If no key exists anywhere on the server, download a new **Firebase Admin SDK** JSON from [Firebase Console](https://console.firebase.google.com/) → Project **bytescorp-komoon** → Project settings → Service accounts → Generate new private key.
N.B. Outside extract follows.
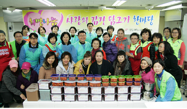 이날 김장 담그기 행사는 두곳에서 진행했다. 오전에는 관악농협농산물 백화점 야외 매장에서 "결혼이주여성과 함께 하는 1일 김장 담그기" 행사가, 오후에는 영등포구사회복지협의회 주관으로 "희망나눔 사랑의 김장 담그기 한마당" 행사가 한국조리사관학교 조리실에서 개최됐다. 이번 행사는 한림대학교강남성심병원 윤성대 행정부원장과 임은주 간호부장을 비롯한 팀장 및 UM 등 20여명이 참여해 도움의 손길을 펼쳤다. |

Upload to `app/.config/` or `app/config/` (never commit to git or expose under `public_html`).

### Data output folder

```bash
mkdir -p /home/bytescorp/webcrawler.komoon.app/data
chmod 755 /home/bytescorp/webcrawler.komoon.app/data
```

Ensure the Firestore provider doc has **`country: "MX"`** in addition to state/municipality/webURL.

## CloudLinux WASM / VMEM fix

On shared hosting, batch runs may fail at startup with:

```text
RangeError: WebAssembly.instantiate(): Out of memory: Cannot allocate Wasm memory for new instance
```

Set:

```bash
NODE_OPTIONS="--disable-wasm-trap-handler"
```

### Manual run (SSH)

Use the **nodevenv** virtualenv (your host uses `nodevenv`, not `nodeenv`):

```bash
source /home/bytescorp/nodevenv/webcrawler.komoon.app/app/20/bin/activate
cd /home/bytescorp/webcrawler.komoon.app/app

NODE_OPTIONS="--disable-wasm-trap-handler" CRAWL_COUNTRY=MX CRAWL_STATE=Zacatecas node src/runBatch.js
```

### Cron

See **[cron-jobs-hosting.md](./cron-jobs-hosting.md)** for copy-paste cron lines.

Cron must use the full Node binary from **nodevenv**:

```text
/home/bytescorp/nodevenv/webcrawler.komoon.app/app/20/bin/node
```

## Deploy

1. Upload project files to `/home/bytescorp/webcrawler.komoon.app/app`
2. Run `npm install` in that directory (SSH or cPanel terminal)
3. Place `config/firebase-service-account.json`
4. Ensure `/home/bytescorp/webcrawler.komoon.app/data` exists and is readable at `https://webcrawler.komoon.app/data/`
5. **Restart** the Node.js app in cPanel

## Reference

Same VMEM / undici constraints as KomoonRSSCrawler — see [KomoonRSSCrawler/docs/hosting.md](file:///Users/lalo/Apps/KomoonRSSCrawler/docs/hosting.md).